Thomas Cook beat online consumer expectations with thinkTribe load testing
Thomas Cook is one of the best known names in travel, with over a hundred years of trading history, more than 800 high street stores, a leading website and apps, ownership of some of the world’s favourite travel brands and various services related to travel such as insurance and foreign exchange.
Confidence that a site will be be “stable under load”, that it will continue to perform as it should when there is heavy user traffic, is crucial. For travel companies that experience incredibly high numbers of visitors at different seasonal peaks, and that rely on fast moving realtime data, this is of particular concern.
In the past year Thomas Cook ran a number of different tests across different sites, brands, and countries with thinkTribe, as well as tests that focus on particular functions.
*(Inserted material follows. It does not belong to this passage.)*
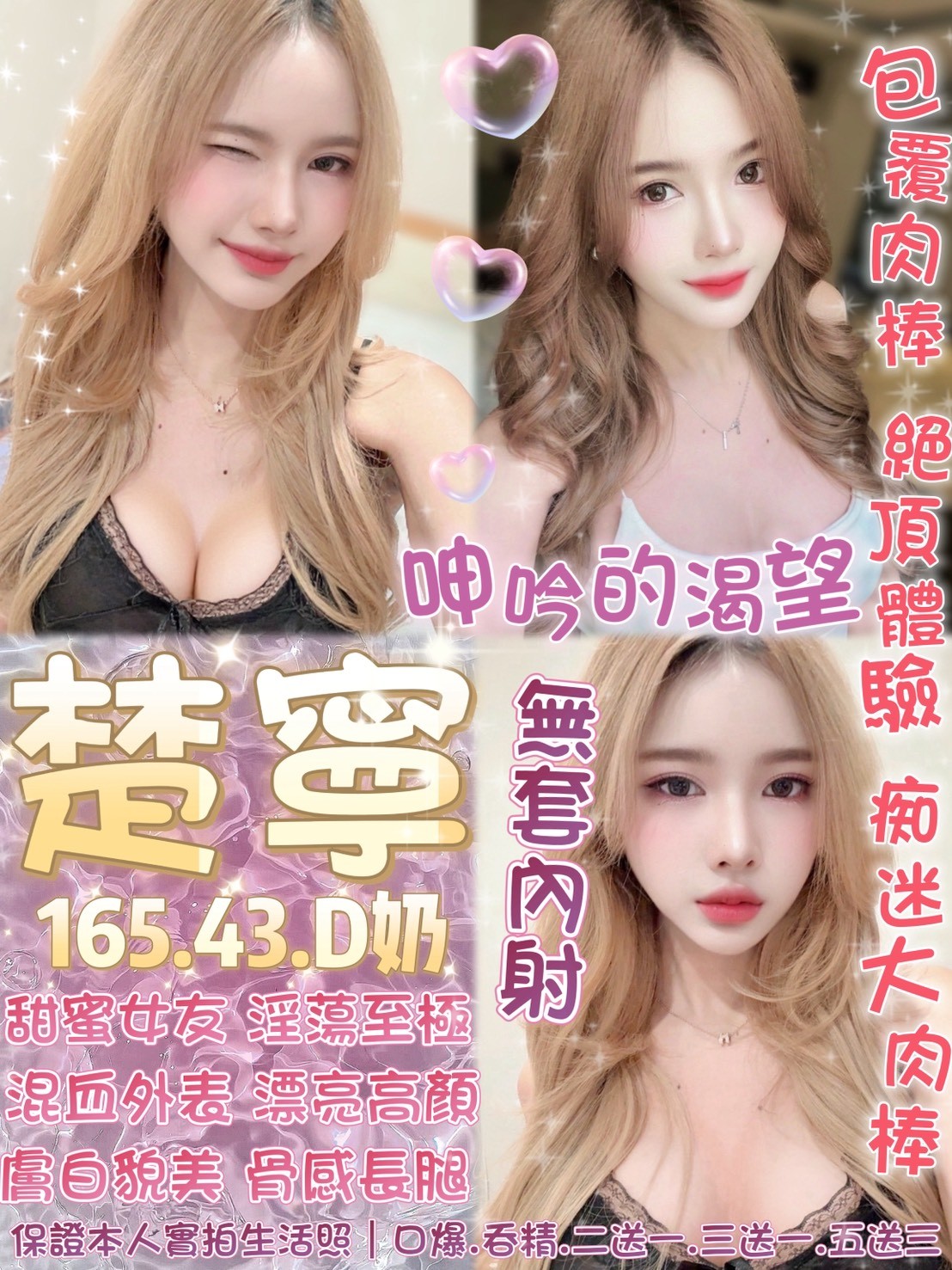 無套吹 共浴 小親親 舌吻視感覺 品鮑 69 深喉嚨 舔蛋 胸磨臉 按摩 奶炮 雙飛 情趣用品(客自備 胸推 屁推 絲襪(客自備 自慰秀

There was close co-operation between the Thomas Cook and thinkTribe teams at all stages of the process, from first identification of the test objectives and user journey mix, through live conference call monitoring of the test, to in-depth post testing discussion.
In the testing the previous year, before thinkTribe was involved, the selections were not weighted and Thomas Cook found this caused availability issues and negatively impacted the results.
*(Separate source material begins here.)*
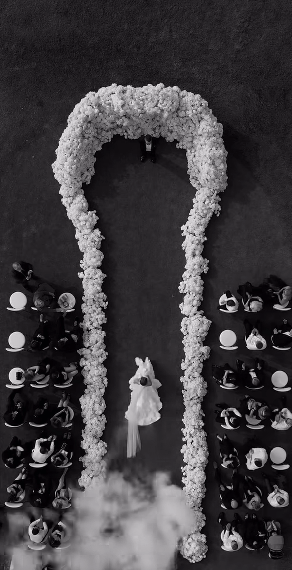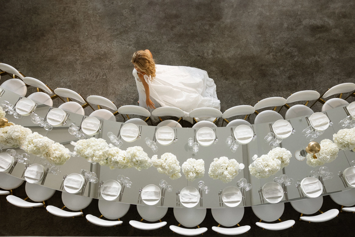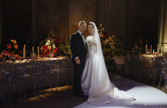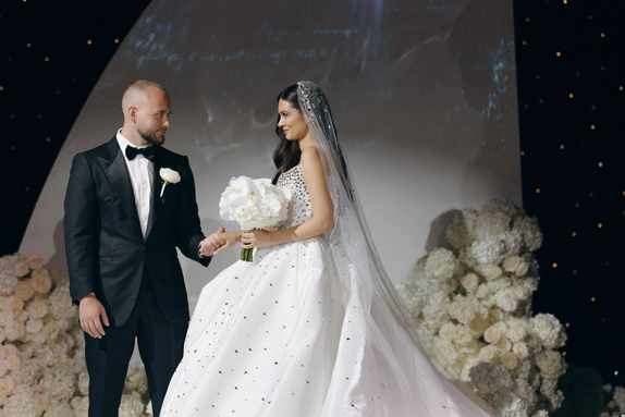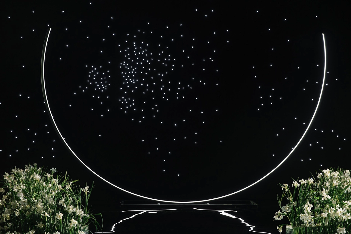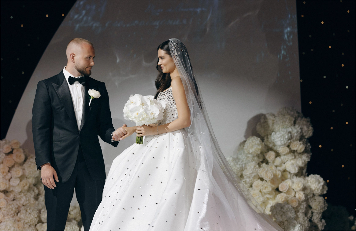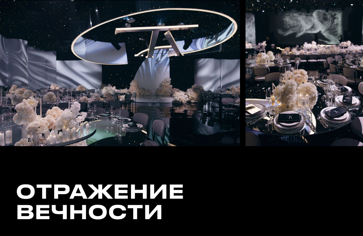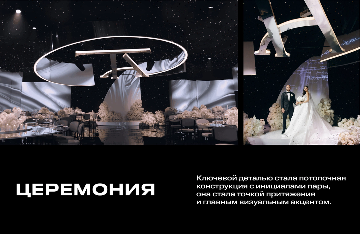 Ключевой деталью стала потолочная конструкция с инициалами пары, она стала точкой притяжения и главным визуальным акцентом. Световые сценарии и мультимедиа трансформировали пространство в течение вечера, меняя восприятие архитектуры декора.

The targeting / simulated load in tested by thinkTribe in 2011 was not random but used specific and historic data to ensure popular destinations (which involves more complex search results) were accounted for. The thinkTribe approach to realistic load testing involves concurrent virtual users taking a number of different dynamic user journeys through the site, based on an algorithmic weighting of proportional site usage calculated from real historic data and future projections. This kind of planning is extremely important if test results are to reflect how the site really performs outside of controlled test conditions. Traditional load testing that throws huge numbers at the URL, or at one path through the site, will only tell you how that one specific aspect works in isolation. In reality there are many different users doing many different things concurrently on any site.
Another thing the team was conscious of was ensuring that tests took place over an adequate length of time. The danger of a short test is that is easy to draw false conclusions from what are extreme behaviours if they are seen in isolation and deemed to be “normal” site performance. With all this in place the thinkTribe Load Test Engineer was able to highlight lots of detail on how the site performs under load: which Journeys and which steps slowed down the most, which threw the most errors, what the errors
were, and, by comparing and contrasting the various errors, provide an indication of network problems, server load issues and so on.
“This combined approach revealed a number of system weaknesses and threshold levels, a database bottleneck and an unexpected memory leak that were not visible during non peak usage. Discovering these things in testing meant that pre-emptive action could be taken to adjust configurations on key web and app layers, as well as the code adjustments in the core base code and amendments to the platform. This meant that by the time the seasonal peak hit the site was able to easily cope with the demand.”